The world’s second-largest economy year-on rise in the July to September period is closer to pre-pandemic levels than Q2 growth.

Containers are seen at the Yangshan Deep-Water Port in Shanghai, China October 19, 2020.
Containers are seen at the Yangshan Deep-Water Port in Shanghai, China October 19, 2020. (Reuters)

China’s shaky economic recovery from the coronavirus pandemic is gaining strength as consumers return to shopping malls and auto dealerships while the United States and Europe endure painful contractions.

China's GDP grew 4.9 percent in the third quarter, data showed Monday, building on a strong recovery from painful coronavirus lockdowns.

However, the expansion fell short of forecasts and officials warned of uncertainty as the disease continues to ravage other key markets, with the National Bureau of Statistics saying "the international environment is still complicated".

Subdued reaction

China stocks reversed earlier gains to close lower on Monday, weighed down by industrial and healthcare firms, after the weaker-than-forecast GDP growth for the third quarter.

Some Asian markets rose on lingering hopes for a new US stimulus package.

Tokyo rose more than one percent, wiping out all its losses for the year, while Taipei also put on more than one percent and Manila jumped 2.1 percent.

Sydney and Mumbai climbed 0.9 percent each, while Seoul, Singapore and Jakarta were also well up. London, Paris and Frankfurt rose in early trade.

Hong Kong rose 0.6 percent but the gains were shallower than the morning after China's figures. Shanghai finished lower, along with Wellington.

Still on positive track

Having essentially shut down major cities around the country to fight the virus, China's economy saw an unprecedented contraction in the first three months of the year but with new infection rates being brought under control it has seen a strong recovery over the past six months.

That has put it on track to be the only major economy likely to expand this year, the International Monetary Fund said.

The 4.9 percent growth in July-September followed a 3.2 percent rate in the previous three months, and is close to pre-pandemic levels.

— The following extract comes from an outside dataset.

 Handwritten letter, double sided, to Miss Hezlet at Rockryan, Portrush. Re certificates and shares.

The reading was helped by a forecast-beating 3.3 percent jump in retail sales last month, suggesting China's army of consumers are return ing to shops and restaurants, and travelling again.

Industrial output also beat expectations, jumping 6.9 percent on-year in September.

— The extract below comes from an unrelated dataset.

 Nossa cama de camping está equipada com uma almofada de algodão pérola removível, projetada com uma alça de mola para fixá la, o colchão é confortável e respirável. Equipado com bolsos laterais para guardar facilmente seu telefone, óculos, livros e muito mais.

China's communist leadership has hailed its handling of the virus, giving experimental vaccines to hundreds of thousands of people as it seeks to reframe the pandemic's origin story.

But long-term fears over jobs and a potential virus rebound in China are weighing on consumer sentiment, despite government attempts to reignite domestic demand.

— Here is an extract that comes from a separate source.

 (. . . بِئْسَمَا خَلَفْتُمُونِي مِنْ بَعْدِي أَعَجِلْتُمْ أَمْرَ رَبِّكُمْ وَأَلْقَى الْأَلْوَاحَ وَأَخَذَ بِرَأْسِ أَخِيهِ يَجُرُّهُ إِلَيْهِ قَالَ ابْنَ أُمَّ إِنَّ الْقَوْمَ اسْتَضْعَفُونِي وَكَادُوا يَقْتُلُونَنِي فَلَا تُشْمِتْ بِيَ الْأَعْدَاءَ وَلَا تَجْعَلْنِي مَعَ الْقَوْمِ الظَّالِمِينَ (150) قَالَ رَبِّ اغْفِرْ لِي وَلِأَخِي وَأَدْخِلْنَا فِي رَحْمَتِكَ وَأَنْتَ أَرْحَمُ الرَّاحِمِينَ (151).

READ MORE: China expands pool of people receiving experimental Covid-19 vaccines

Consumer caution 

"China built its quick recovery via stringent lockdowns, massive testing, population tracking and fiscal stimulus," Nomura chief China economist Lu Ting said.

Other factors such as export growth and a surge in demand after massive floods in the summer also boosted activity in September, he added.

But "China is not absolutely free from the risk of a second wave of Covid-19, pent-up demand will likely lose some steam... and rising US-China tensions could dent China's exports and manufacturing investment," Lu said.

OCBC Bank's head of Greater China research Tommy Xie told that retail figures showed a positive trend, suggesting "rising interest in big ticket items" with car sales a key driver of the spending rebound.

"But it will take some time for us to access how sustainable this domestic demand is," he cautioned, citing that tourism revenues from domestic trips were still down by about 30 percent on-year in the early-October Golden Week period.

"That will also be particularly important for the upcoming growth, given China is now promoting a... strategy where domestic demand becomes increasingly important," he said, referring to China's push to make consumers the key driver of economic growth.

National Bureau of Statistics spokeswoman Liu Aihua said Monday that although China's economy has continued its steady recovery, the global picture is murky "with considerable instabilities and uncertainties".

She highlighted "great pressure" in forestalling virus cases from abroad and preventing a virus resurgence at home.

In September, China's urban unemployment rate dipped further to 5.4 percent, although fixed-asset investment growth turned positive for the first time in 2020.